In a federal lawsuit filed Friday in Washington, SoFi Bank NA has asked a federal judge to strike down President Joe Biden’s latest pay pause extension. Student loan payments were first halted at the start of the pandemic by the administration of President Donald Trump. The hiatus has been extended eight times in three years.

The bank says its federal student loan refinancing business has suffered because borrowers have little incentive to refinance. while payments and interest remain on hold. At a minimum, the lawsuit asks a judge to limit the pause to only borrowers who would be eligible for Biden’s payoff plan.

Biden’s latest extension, which was announced in November and could run until this summer, is illegal for “multiple reasons,” the lawsuit claims.

Unlike the first seven extensions, which were meant to help borrowers struggling as a result of the pandemic, the latest one was enacted solely in response to legal challenges to Biden’s plan for sweeping student debt forgiveness, the agency says. demand. The plan is currently being challenged in the Supreme Courtwhat is expected rule in june.

“The eighth extension is not even attempting to repair the damage caused by the pandemic, but rather to alleviate the ‘uncertainty’ caused by the debt cancellation litigation,” SoFi says in the lawsuit.

SoFi argues that this is not a valid reason authorized by the HEROES Act, the federal law that the Biden administration has invoked to continue the hiatus. The bank also argues that the extension violated the Administrative Procedure Act because management did not solicit public comment.

The most recent extension has cost the bank at least $6 million in lost profit, SoFi says, and could lead to a total of $30 million in losses if it continues through August.

“In essence, SoFi is forced to compete with loans with 0% interest rates and for which any continued repayment of the principal is entirely optional,” the lawsuit says.

The Department of Education defended the legality of the pause, calling the lawsuit “an attempt by a multibillion-dollar company to make money while forcing 45 million borrowers to pay again.”

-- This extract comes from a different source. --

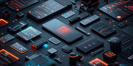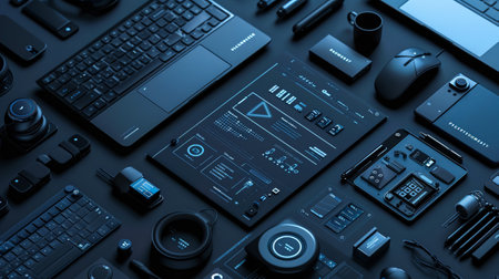 modern tech devices featuring a central gadget and various accessories

“The department will continue to fight to provide relief to borrowers, provide a smooth path to repayment, and protect borrowers from industry and special interests,” the agency said in a statement.

The lawsuit drew swift condemnation from borrower advocates, who called it a theft of money at the expense of those struggling with student debt.

“The real story here is the enormous risk this poses to tens of millions of workers to whom SoFi would never lend: families across the country who rely on student loan repayment pauses to protect themselves from financial devastation,” he said. Mike Pierce, executive. Director of the Student Borrower Protection Center.